Delcy Rodríguez calls for cooperation with US while Trump demands ‘total access’ in Venezuela
The US president insists that ‘we’re in charge’ of the country after capturing Nicolás Maduro and his wife Cilia Flores and flying them to the US to face criminal charges

In her first statement as the new “acting president of Venezuela,” Delcy Rodríguez sent a conciliatory message to the United States that contrasted with the usual belligerent tone used by Chavismo against Washington. Meanwhile, Donald Trump kept up the threats, demanding “total access” to the country’s “oil and to other things” while maintaining that “we’re in charge.”
Less than 48 hours after the attack that decapitated the Venezuelan regime with the capture of Nicolás Maduro, Rodríguez, far from being confrontational, has extended an olive branch to the enemy. “We extend an invitation to the U.S. government to work together on a cooperative agenda, oriented toward shared development, within the framework of international law, and to strengthen lasting community coexistence,” reads a post on her Instagram account.

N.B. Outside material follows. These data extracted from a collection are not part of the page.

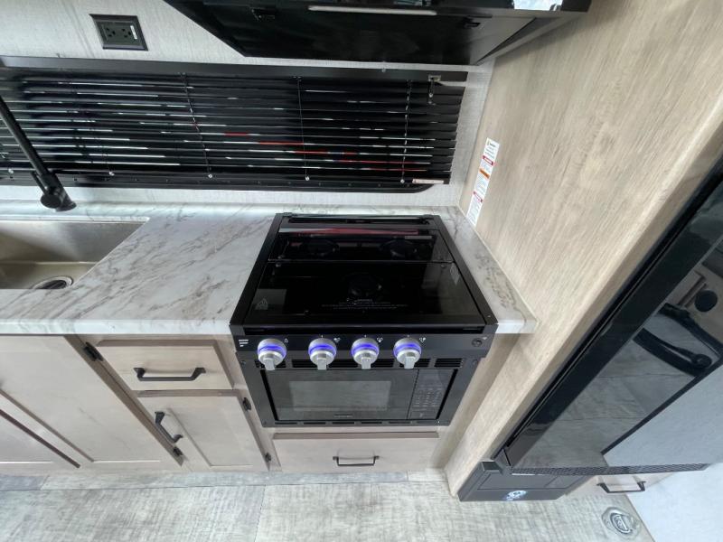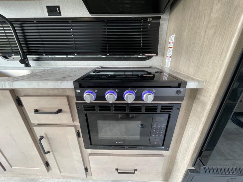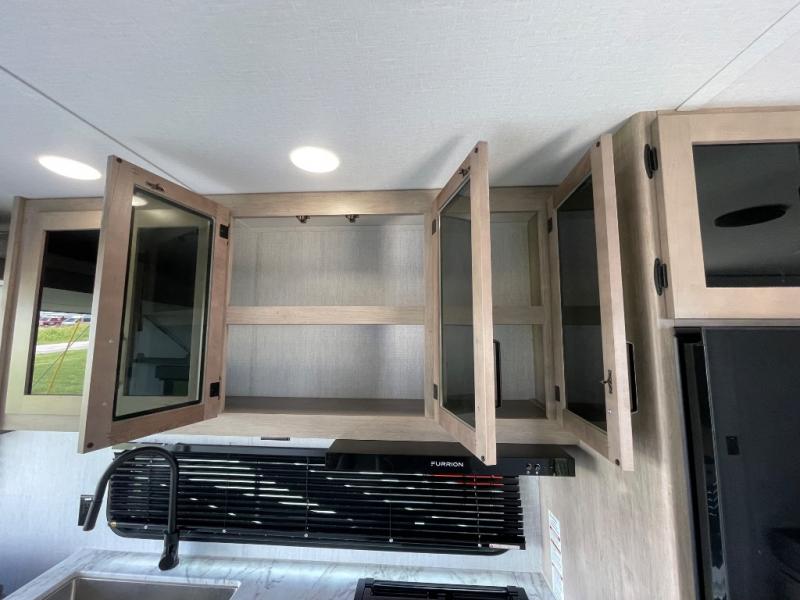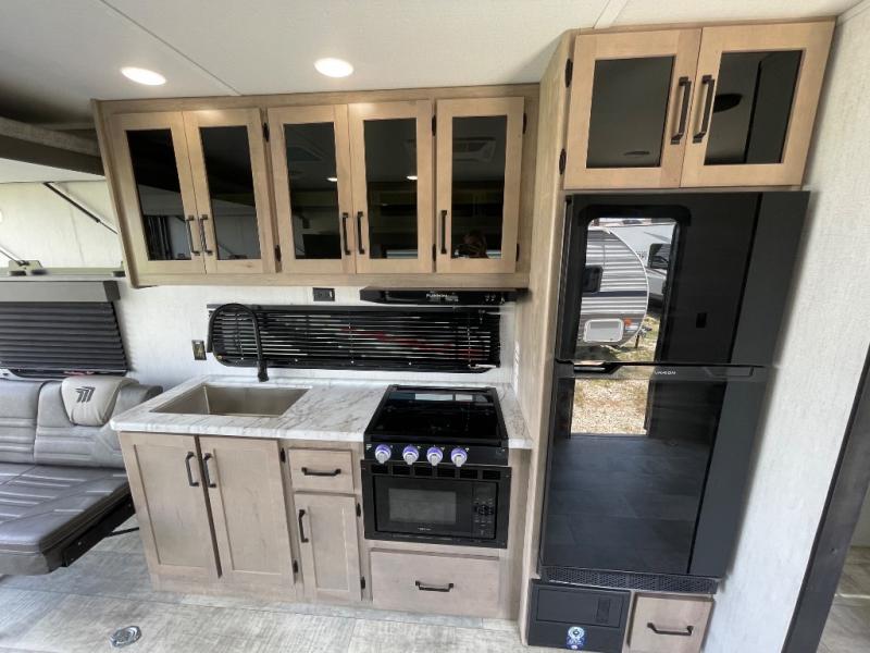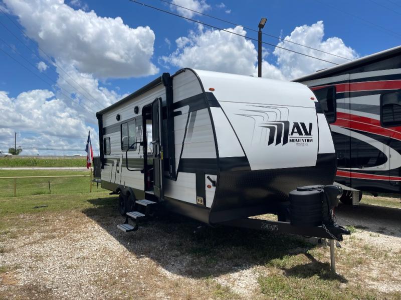 The Momentum MAV toy hauler travel trailers by Grand Design are designed to provide exactly what you need. The spacious garage provides tons of cargo space, with no wheel wells to get in the way. Additional storage includes magnetic storage door catches, underbed storage with a gas strut lift, and overhead consoles throughout. Conveniences like motion sensor lights and USB outlets will make your life easier, and you will be comfortable in all seasons with the 30K BTU furnace plus 15K BTU ducted air conditioning. The standard Solar Package comes with a 180W solar panel, a 40 Amp charge controller with Bluetooth, and a 12V refrigerator so you can go off-grid when the adventure calls for it.
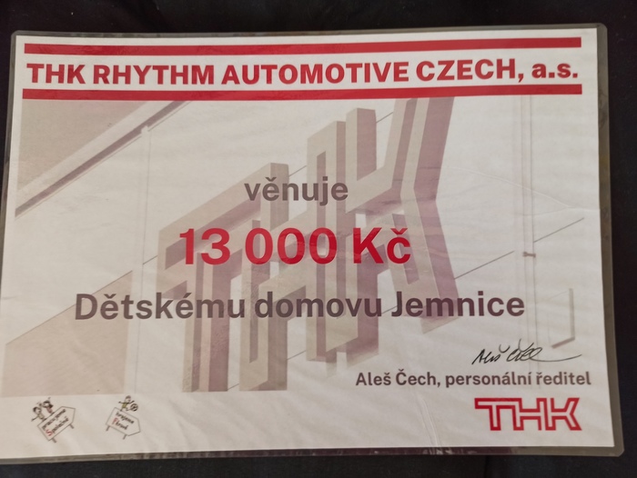 Dne 24.10. 2022 se paní ředitelka se třemi dětmi zúčastnila slavnostního předání šeku s částkou 13.000,- Kč v prostorách společnosti THK Rhythm Automotive Czech a.s.. Od jara 2022 zaměstnanci této společnosti sbírali během běhu, chůze a jízdy na kole kilometry v rámci projektu „Zdravý pohyb“. Cílem bylo podpořit vzdělávací instituce v okolí Dačic. Náš dětský domov získal 1. místo. Peníze použijeme na letní dětské tábory a volnočasové aktivity našich dětí. Velmi všem zaměstnancům děkujeme, vážíme si všech, kteří jsou ochotni obětovat svůj volný čas pro druhého. Z celého srdce děkujeme!
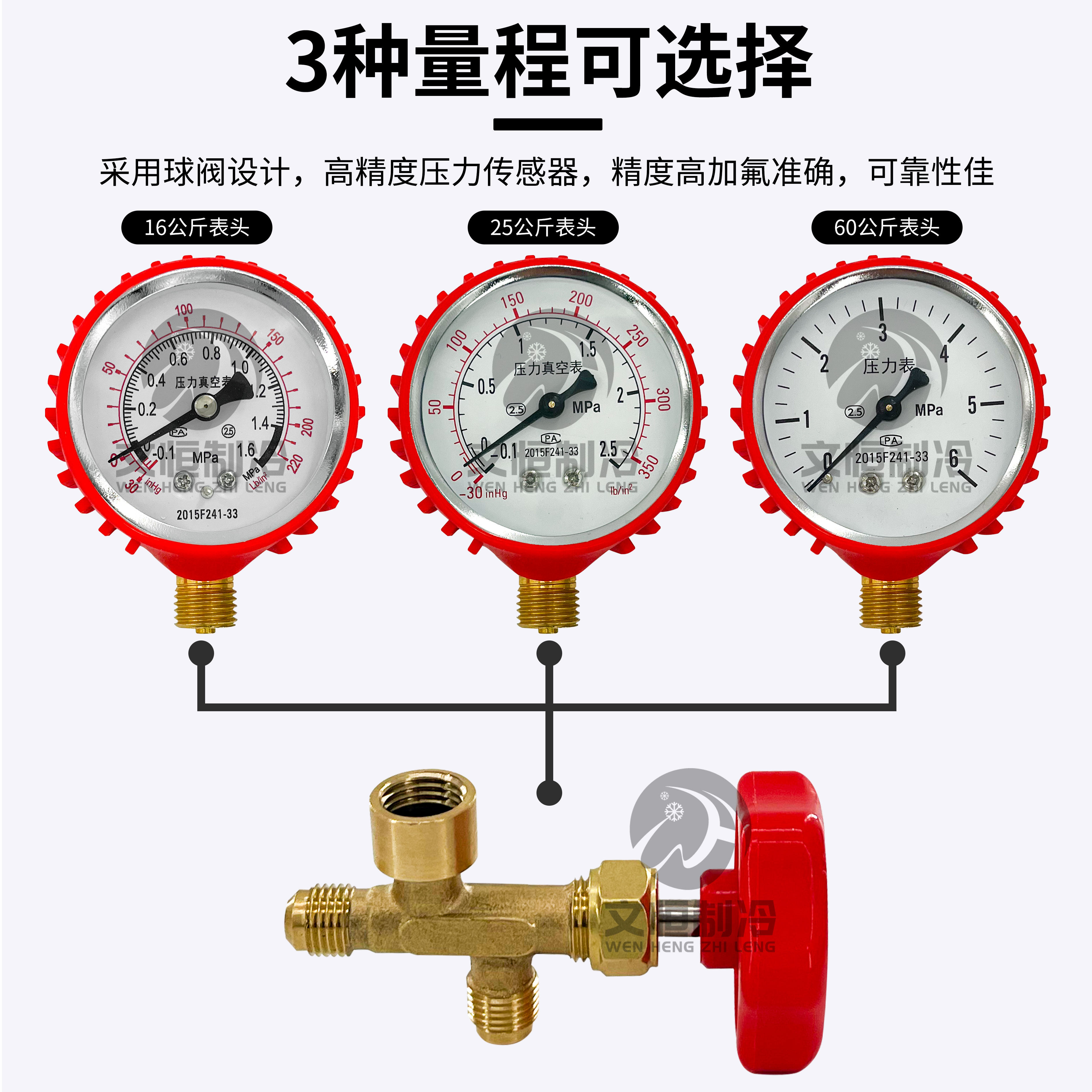 空调加氟工具套装加氟压力表空调冰箱维修压力表加氟三通加氟表阀
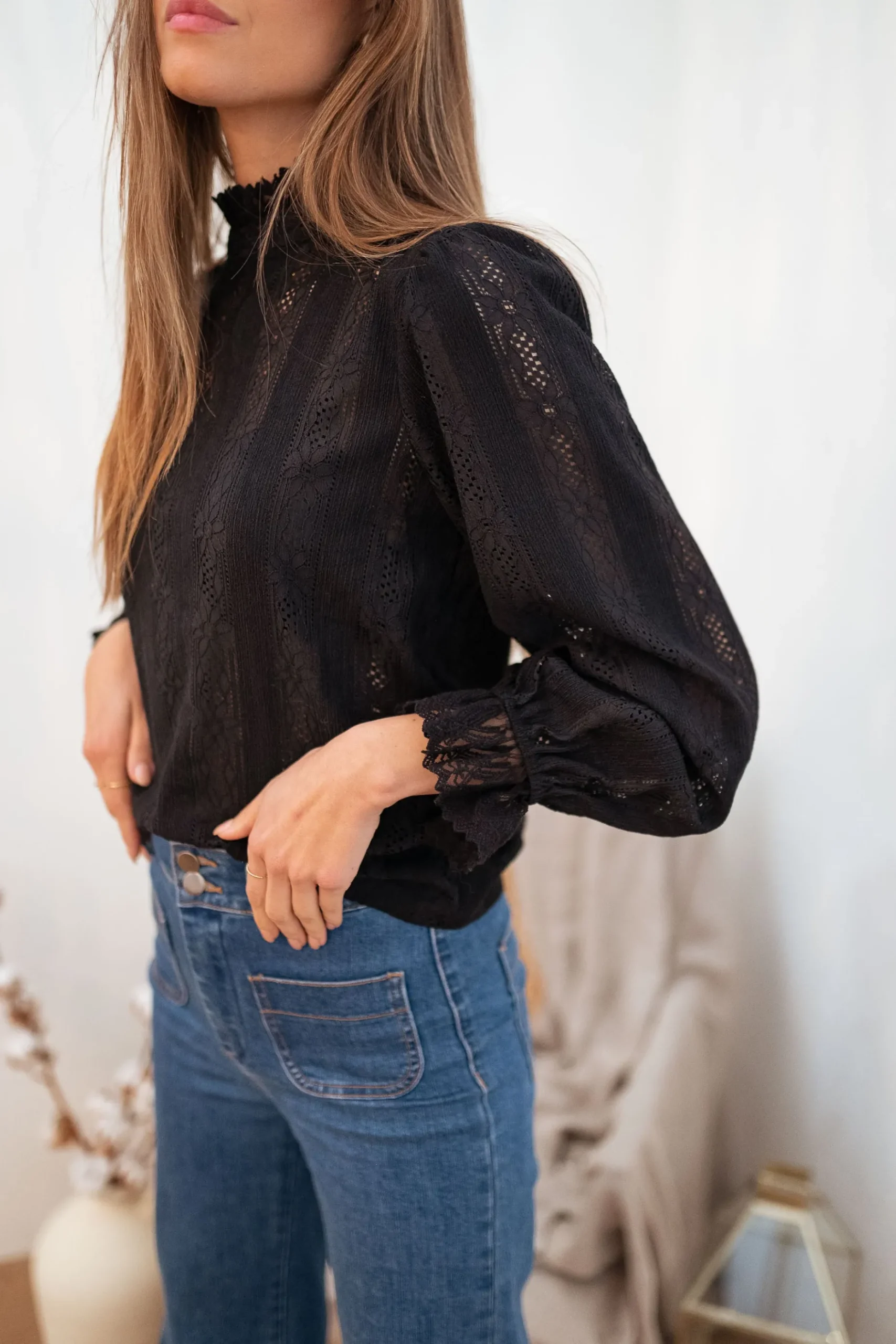 - Col montant en broderie
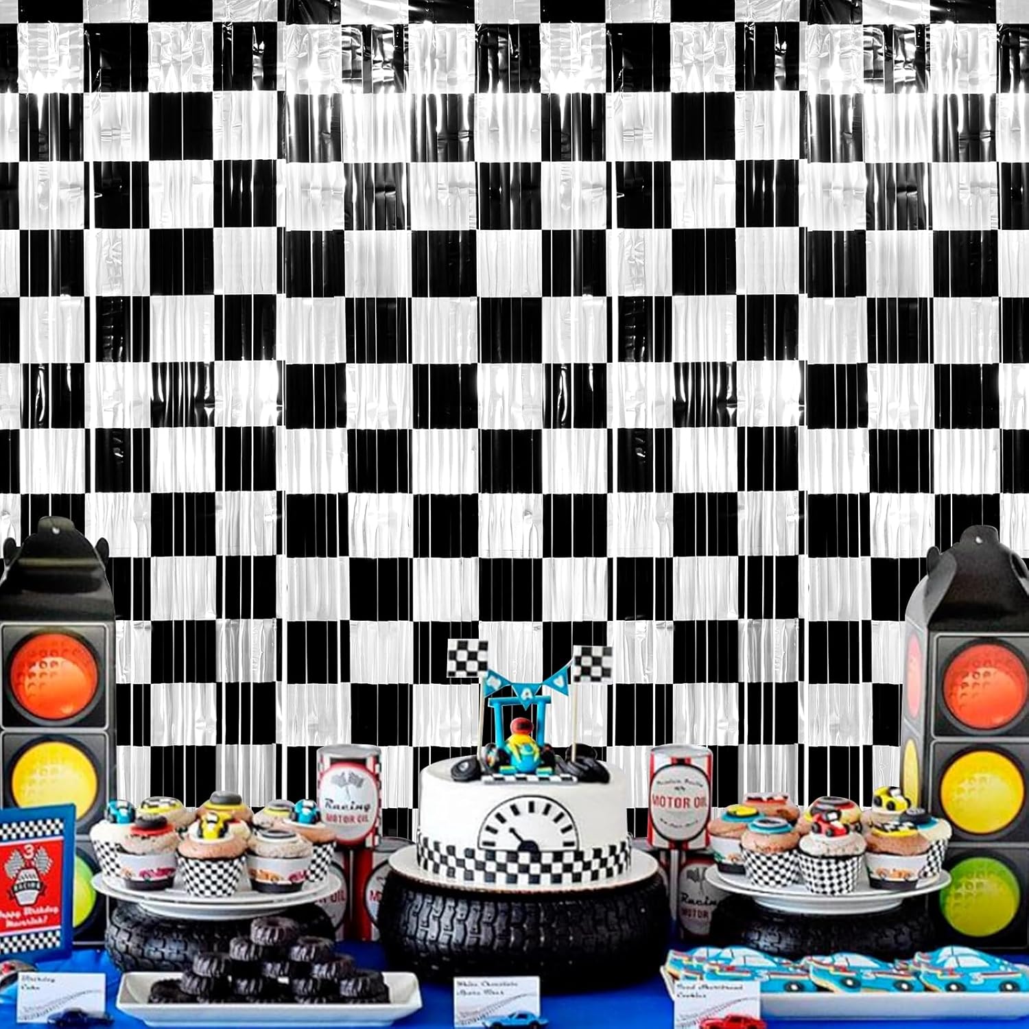 3 Pack 3.3Ft x 6.6Ft Race Car Checkered Foil Fringe Curtain Backdrop Decorations, Black White Metallic Tinsel Foil Streamers Curtain Photo Booth for Race Car One Happy Dude Birthday Party Decorations
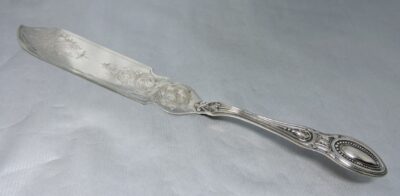 French Embossed Silver Cake Knife with Serrated Edge, Engraved “Emma” on the Handle

It was a surprisingly conciliatory message “to the world” and “to the United States.” Despite nearly a hundred possible casualties of the U.S. attack in Caracas early Saturday morning, including 32 Cubans who were part of her inner security detail, the former vice president asserted that it is a “priority” to move toward a “balanced and respectful” relationship with the U.S. and the countries of the region, “based on sovereign equality and non-interference.”
Rodríguez’s tone was a far cry from the usual terms Chavismo uses to describe Washington. There was no mention of imperialism, violations of international law, or the theft of natural resources—accusations that have been recurring during these four months of escalating tensions between the two countries. There was only a tepid condemnation of U.S. intervention in Venezuela: “Our country aspires to live without external threats.”
In a direct appeal to President Donald Trump, Rodríguez wrote: “Our people and our region deserve peace and dialogue, not war. That has always been President Nicolás Maduro’s position, and it is the position of all Venezuelans right now. That is the Venezuela I believe in, the one to which I have dedicated my life. My dream is for Venezuela to be a great power where all good Venezuelans can come together.”
The new leader of the South American country made these remarks even as Washington increasingly sharpens its demands that Venezuelan authorities comply with its orders. “We’re in charge,” the U.S. president emphasized on Sunday night.
“We need total access. We need access to the oil and to other things in their country that allow us to rebuild their country, to roads and bridges to rebuild them,” Trump said in remarks from Air Force One, returning to Washington after two weeks at his Mar-a-Lago residence in Florida. And if the new authorities are not cooperative there will be a second attack, said the president, who in an interview with The Atlantic had already warned the new Venezuelan leader that if she “doesn’t do what’s right, she is going to pay a very big price, probably bigger than Maduro.”
According to Trump, in the conversations his team has held with the Venezuelan leader, there has still been no talk about the release of political prisoners, one of the demands made by the opposition movement led by María Corina Machado and Edmundo González.